To view the objects managed by Config Sync, go to the Packages tab and click cs-cluster. The package details page provides an overview of all synced resources, including the resource type and which namespace the resource is synced to.

(Optional) Explore the sample repository

The configurations applied to your cluster are defined in the /config-sync-quickstart/multirepo/ repository. This sample demonstrates a multi-repository setup where cluster-admin-level configurations, represented by the root repository, are separated from namespace-level configurations, represented by the namespaces repository. In this example, these configurations are split into different folders, but in a real-world scenario, these could be two different repositories with different access permissions.

At a high level, cluster-level or root repositories are typically managed by a central administrator and contain cluster-wide resources, namespace configurations, and policies. Namespace-level repositories typically contain configurations specific to individual namespaces and are often managed by application teams.

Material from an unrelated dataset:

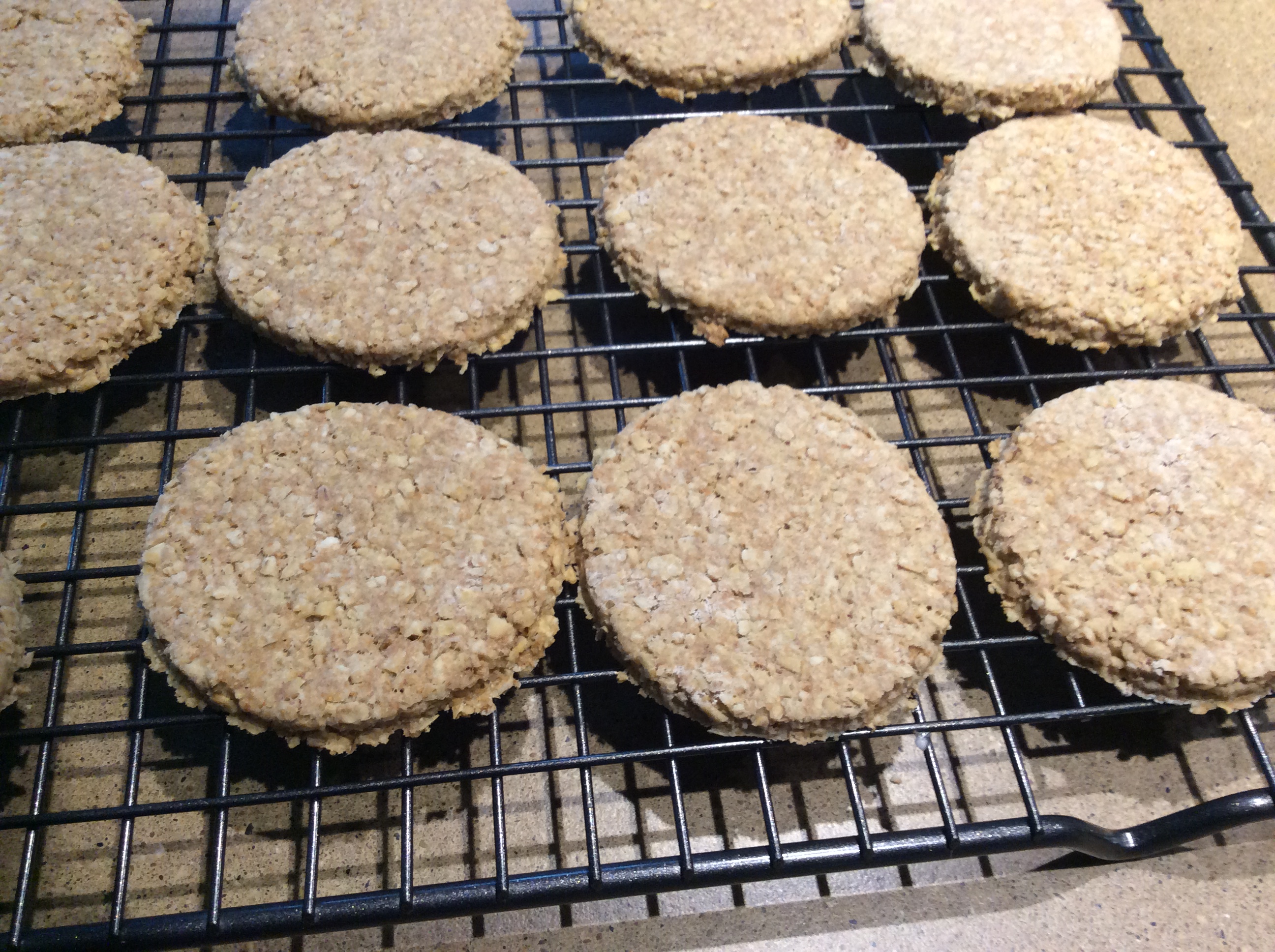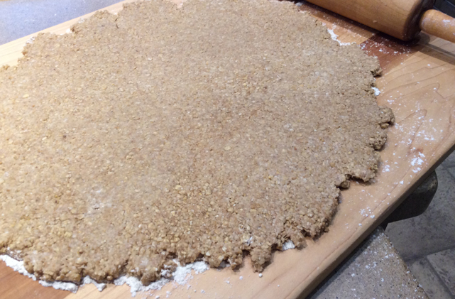 I bought a small bag of scottish oatcakes last week and they were wonderful (and expensive) so i thought maybe I could recreate them. I took some liberties here but these are great with tea. You can put jam on them or make them savory with cheese or smoked salmon. I tweaked it a bit to make it slightly sweeter for my husband. If you want them more traditional reduce the sugar to 2 tsps. I doubled the recipe. You can also sprinkle them with a bit of sugar or fine sanding sugar is you want. This is tweaked from a Bob’s red Mill recipe.

Some of the key types of files that you might store in a root repository include the following:

  • Namespace creation: files like namespace-gamestore.yaml create the namespaces themselves.
  • Cluster-scoped resources: files that affect the entire cluster include resources like ClusterRole objects which add cluster-wide roles that grant permissions.
  • Connecting namespace repositories: the key file in this multi-repository setup is the reposync-gamestore.yaml. This RepoSync object tells Config Sync to sync configurations for the gamestore namespace from a different path. In this example, it points to the config-sync-quickstart/multirepo/ namespaces/gamestore directory within the same repository, but in a real-world scenario, this could point to a different Git repository.

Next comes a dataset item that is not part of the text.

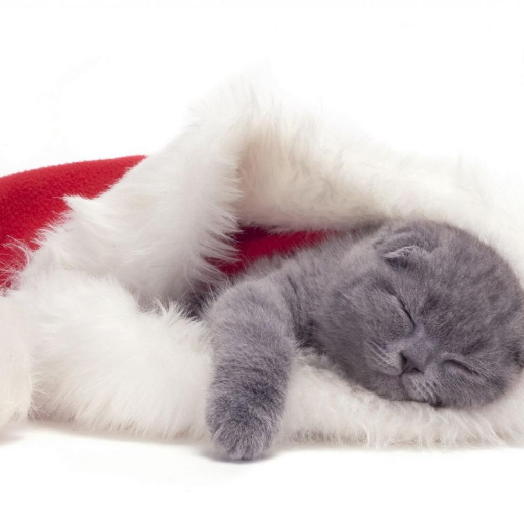 Wallpaper Small Scottish Fold cat is sleeping in a Christmas hat

The namespace repository contains application-specific configurations for the gamestore namespace. For example, the configmap-inventory.yaml contains inventory data for the gamestore application. This type of GitOps setup lets application teams to have more autonomy over their own deployments and namespace-scoped resources without needing to modify the central root repository.

Clean up

  1. Go to the GKE menu in Google Cloud console.

    Go to GKE

  2. Next to the cs-cluster, click Actions, then click Delete.

  3. When prompted to confirm, click Delete again.